Rheumatologists need to do more to teach the broader medical profession about the safe use of methotrexate, a leading rheumatologist says in light of new safety warnings.
Dr David Liew, a consultant rheumatologist and clinical pharmacology fellow at Austin Health in Melbourne, has rejected a coroner’s call for tighter restrictions on methotrexate prescribing but says greater awareness is needed across the profession on safely prescribing the immunosuppressant.
It comes after a Victorian coroner called for the introduction of authority prescribing to discourage GPs from initiating the drug, following the death of an elderly man whose GP initiated him on a high daily dose for psoriasis without performing blood tests.
At the same time, the TGA has issued another warning over the dangers of methotrexate misadventure, detailing 28 cases in which patients took incorrect doses, in some cases causing their deaths.
The cases up to March 2018 logged on the medicine watchdog’s adverse events database, show the most common error involved patients taking methotrexate daily, causing adverse effects including thrombocytopenia, stomatitis, mucosal inflammation and gastrointestinal effects.
Other reported reasons for errors included patients confusing the medicine with another that was co-prescribed (such as folic acid) communication problems for those from non-English speaking backgrounds, and pharmacist dispensing, and administration or instructions given by health professionals.
Dr Liew said the TGA figures were likely just the tip of the iceberg given of adverse events are grossly underreported.
But it was also not surprising, because despite the drug being used in Australia for many years, it involves a relatively complicated regimen for many patients.
In its Medicines Safety Update the TGA announced it was working with the methotrexate manufacturer on new warnings for cartons, stating “caution: usual dose is once weekly” and stronger warnings in product information.
The TGA also advises prescribers to and pharmacists to relay these messages to patients.
Dr Liew said the regulatory approach was an important foundation to the safe approach of the drug as a mandated minimum standard.
“But I think all rheumatologists know we need to do more than that, and I think we want to make sure everyone else in the medical sphere is aware that methotrexate is a drug that needs to be taken seriously,” he told the limbic.
“I think we need to work better on communication, that came through in the TGA report, most of the problems come through in communication and the number of people around the country who have been working on more standardised methotrexate introduction plans, like what’s come out of Brisbane, is fairly clear, and I think we need to try and adopt that on a broader scale.

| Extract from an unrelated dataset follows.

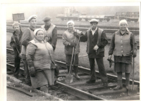
бригада монтеров путей
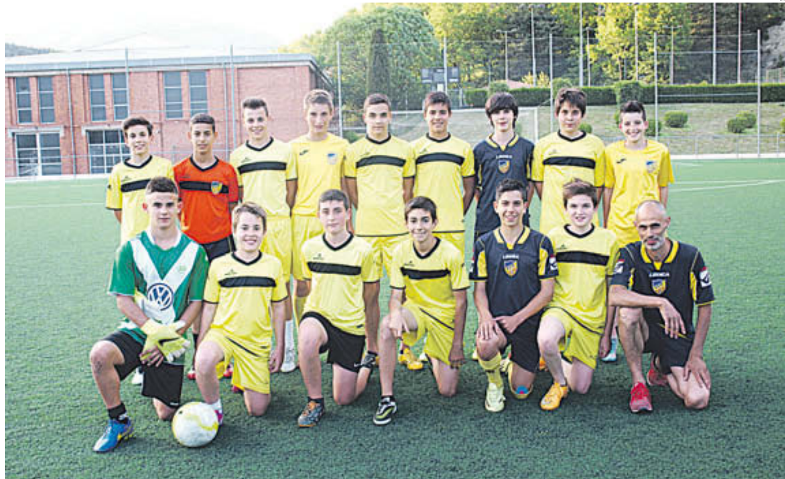
Aquests són els components de l'Infantil "A" de l'Escola de Futbol del Ripollès en aquesta temporada 2014-2015

“While we expect our GP colleagues to help us co-manage methotrexate, at the same time we don’t have a standardised way as a specialty of communicating with them about that.”
He also warned against a heavy-handed approach, such as a recommendation by the Victorian coroner to introduce authority prescribing for methotrexate in a bid to discourage busy GPs from prescribing it.
Dr Liew said while the blanket rule was that GPs should not initiate methotrexate, they could safely do so in collaboration with a specialist who was familiar with the drug and in the context of their particular patient.
Any regulatory approach that curtailed this capacity could disadvantage rural patients, leaving them unable to start methotrexate in a timely manner.
“I don’t think we can rely on regulation to safeguard us against everything, so on that basis I don’t think I can support that suggestion in its current form,” Dr Liew told the limbic.
“I do think we need to improve education around methotrexate and it needs to be clear that it’s not acceptable for GPs to initiate without discussion with a specialist who is familiar with its use.”